_WHAT THE EXERCISE ASKS:_ Taking the entries below, transcribe only the lines starting with the one with "Topkapi Palace had" and going on through the one with "連日來,西部戰(zhàn)區", exactly as written, without the pictures.
[MATERIAL SHOWN Boundary: Start]
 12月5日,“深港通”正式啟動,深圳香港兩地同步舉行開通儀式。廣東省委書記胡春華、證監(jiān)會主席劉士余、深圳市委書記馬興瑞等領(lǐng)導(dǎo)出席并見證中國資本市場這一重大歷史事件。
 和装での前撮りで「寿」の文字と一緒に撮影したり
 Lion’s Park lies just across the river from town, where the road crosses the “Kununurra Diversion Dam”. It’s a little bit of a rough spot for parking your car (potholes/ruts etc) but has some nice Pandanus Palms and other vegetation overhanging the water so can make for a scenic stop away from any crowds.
[MATERIAL SHOWN Boundary: End]
[MATERIAL SHOWN Boundary: Start]
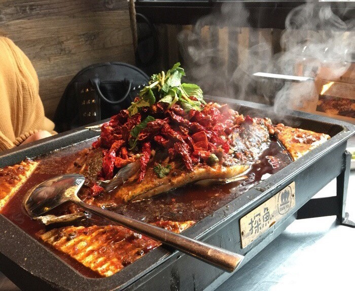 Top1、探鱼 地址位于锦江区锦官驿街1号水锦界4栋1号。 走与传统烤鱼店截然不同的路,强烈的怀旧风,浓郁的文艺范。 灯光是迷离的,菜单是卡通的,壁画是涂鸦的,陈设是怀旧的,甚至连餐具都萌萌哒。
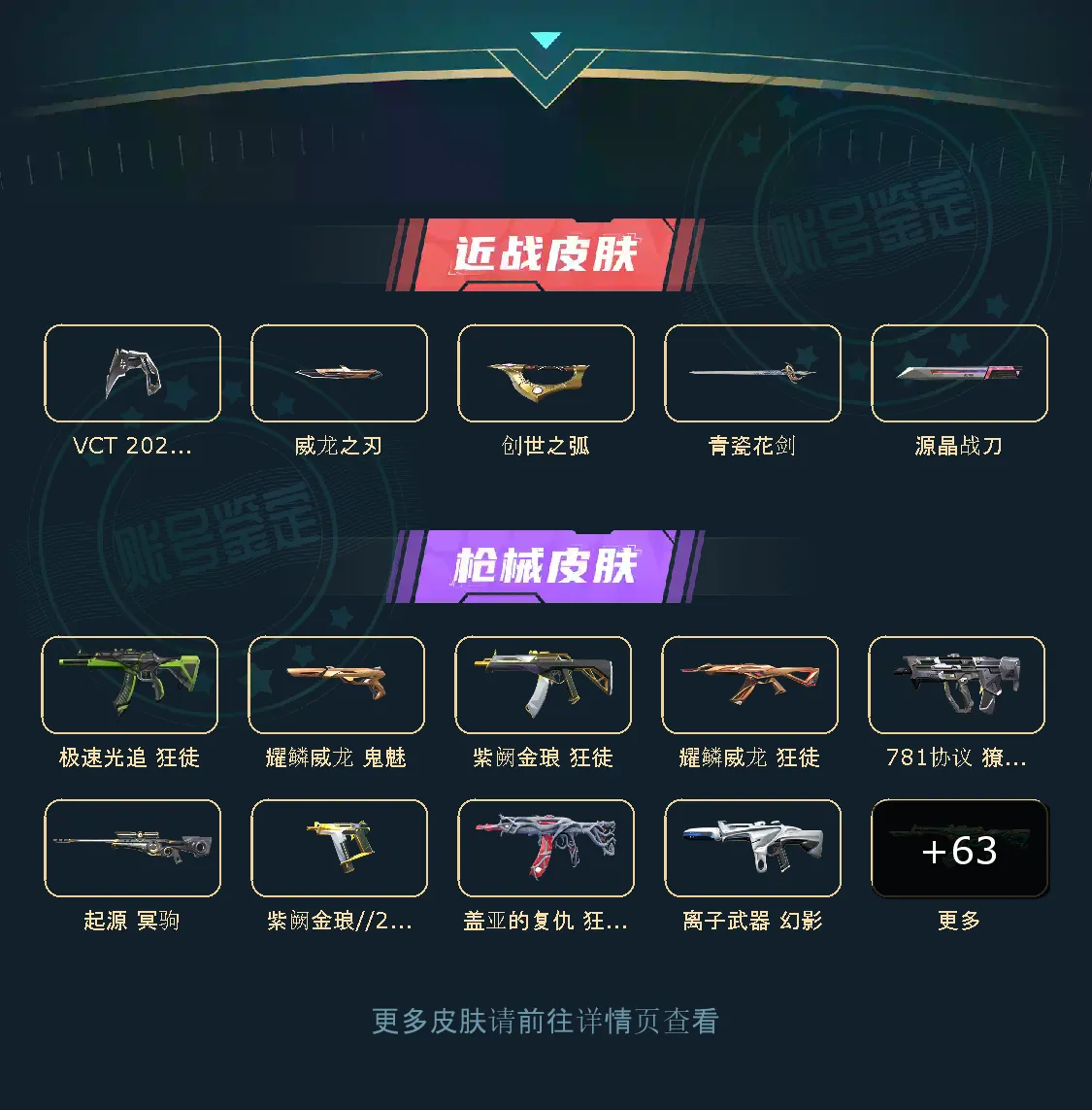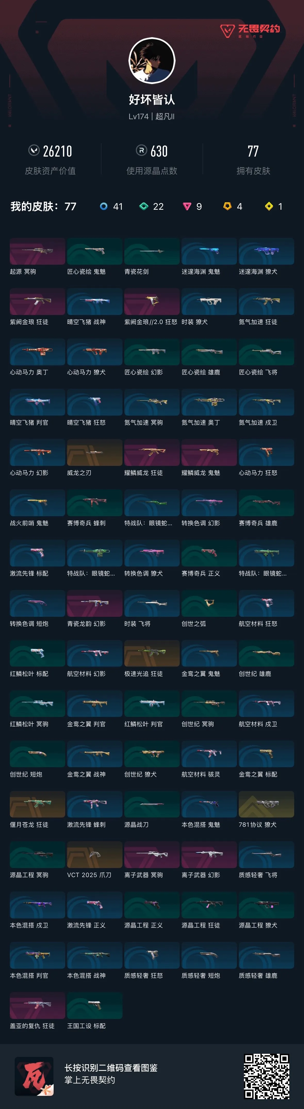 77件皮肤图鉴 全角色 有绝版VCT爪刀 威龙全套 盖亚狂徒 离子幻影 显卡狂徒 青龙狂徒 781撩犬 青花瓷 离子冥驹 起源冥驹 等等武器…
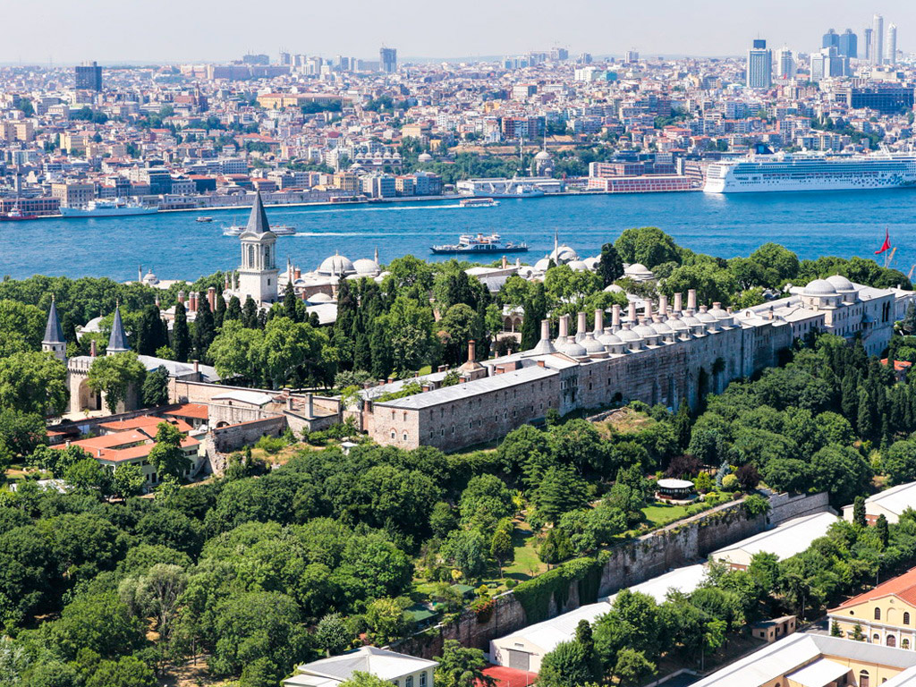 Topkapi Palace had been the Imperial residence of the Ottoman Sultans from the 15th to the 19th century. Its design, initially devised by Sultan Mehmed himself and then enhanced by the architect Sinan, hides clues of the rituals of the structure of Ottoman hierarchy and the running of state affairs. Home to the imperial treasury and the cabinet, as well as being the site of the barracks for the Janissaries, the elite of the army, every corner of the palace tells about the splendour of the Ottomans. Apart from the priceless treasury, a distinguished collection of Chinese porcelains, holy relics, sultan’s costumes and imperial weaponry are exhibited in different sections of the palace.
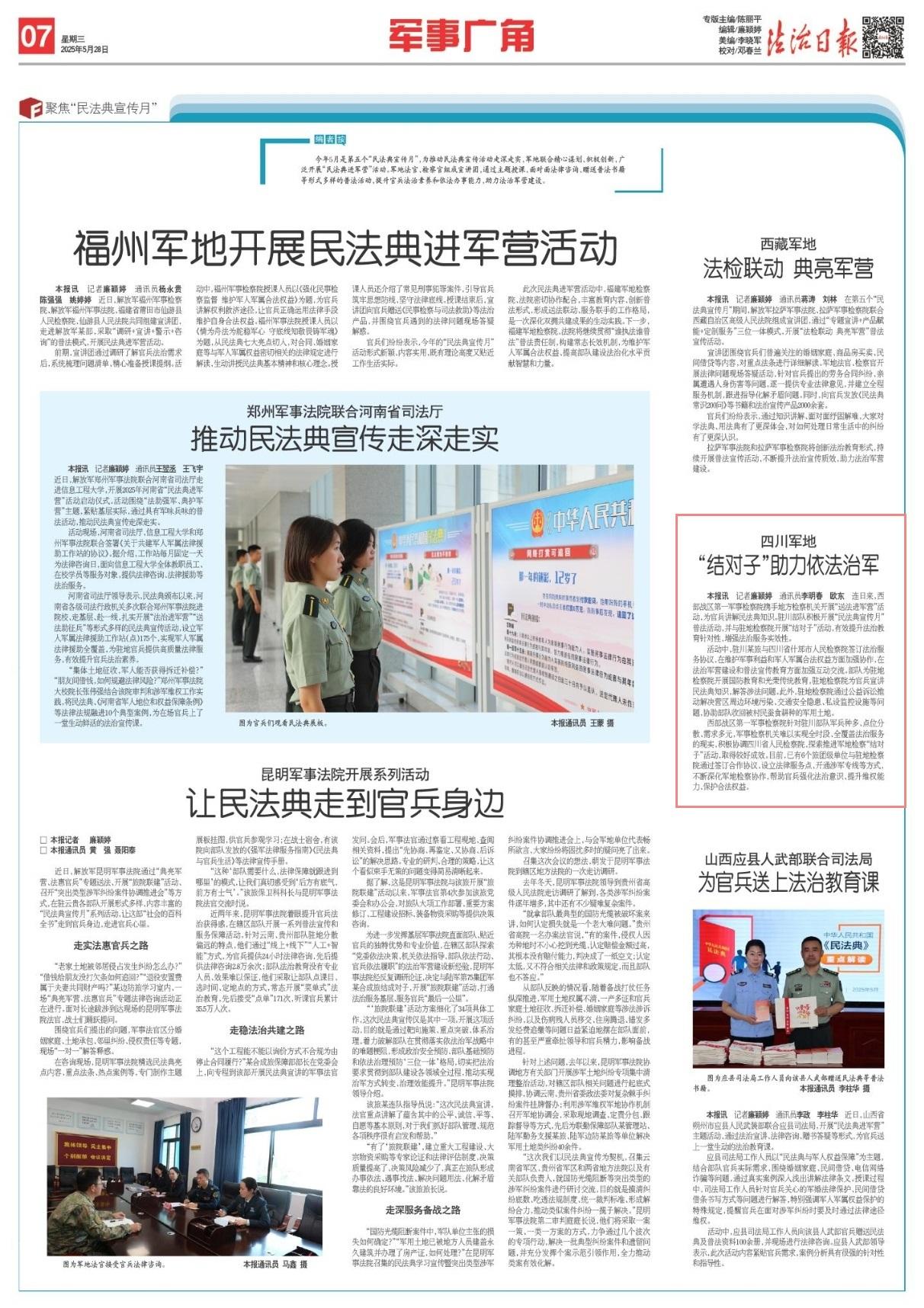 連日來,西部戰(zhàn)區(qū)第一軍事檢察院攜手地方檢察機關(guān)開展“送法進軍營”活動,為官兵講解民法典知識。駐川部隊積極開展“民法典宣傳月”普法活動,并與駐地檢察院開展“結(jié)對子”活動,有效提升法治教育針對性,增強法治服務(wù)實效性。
[MATERIAL SHOWN Boundary: End]
_TASK SOLUTION:_
 Topkapi Palace had been the Imperial residence of the Ottoman Sultans from the 15th to the 19th century. Its design, initially devised by Sultan Mehmed himself and then enhanced by the architect Sinan, hides clues of the rituals of the structure of Ottoman hierarchy and the running of state affairs. Home to the imperial treasury and the cabinet, as well as being the site of the barracks for the Janissaries, the elite of the army, every corner of the palace tells about the splendour of the Ottomans. Apart from the priceless treasury, a distinguished collection of Chinese porcelains, holy relics, sultan’s costumes and imperial weaponry are exhibited in different sections of the palace.
 連日來,西部戰(zhàn)區(qū)第一軍事檢察院攜手地方檢察機關(guān)開展“送法進軍營”活動,為官兵講解民法典知識。駐川部隊積極開展“民法典宣傳月”普法活動,并與駐地檢察院開展“結(jié)對子”活動,有效提升法治教育針對性,增強法治服務(wù)實效性。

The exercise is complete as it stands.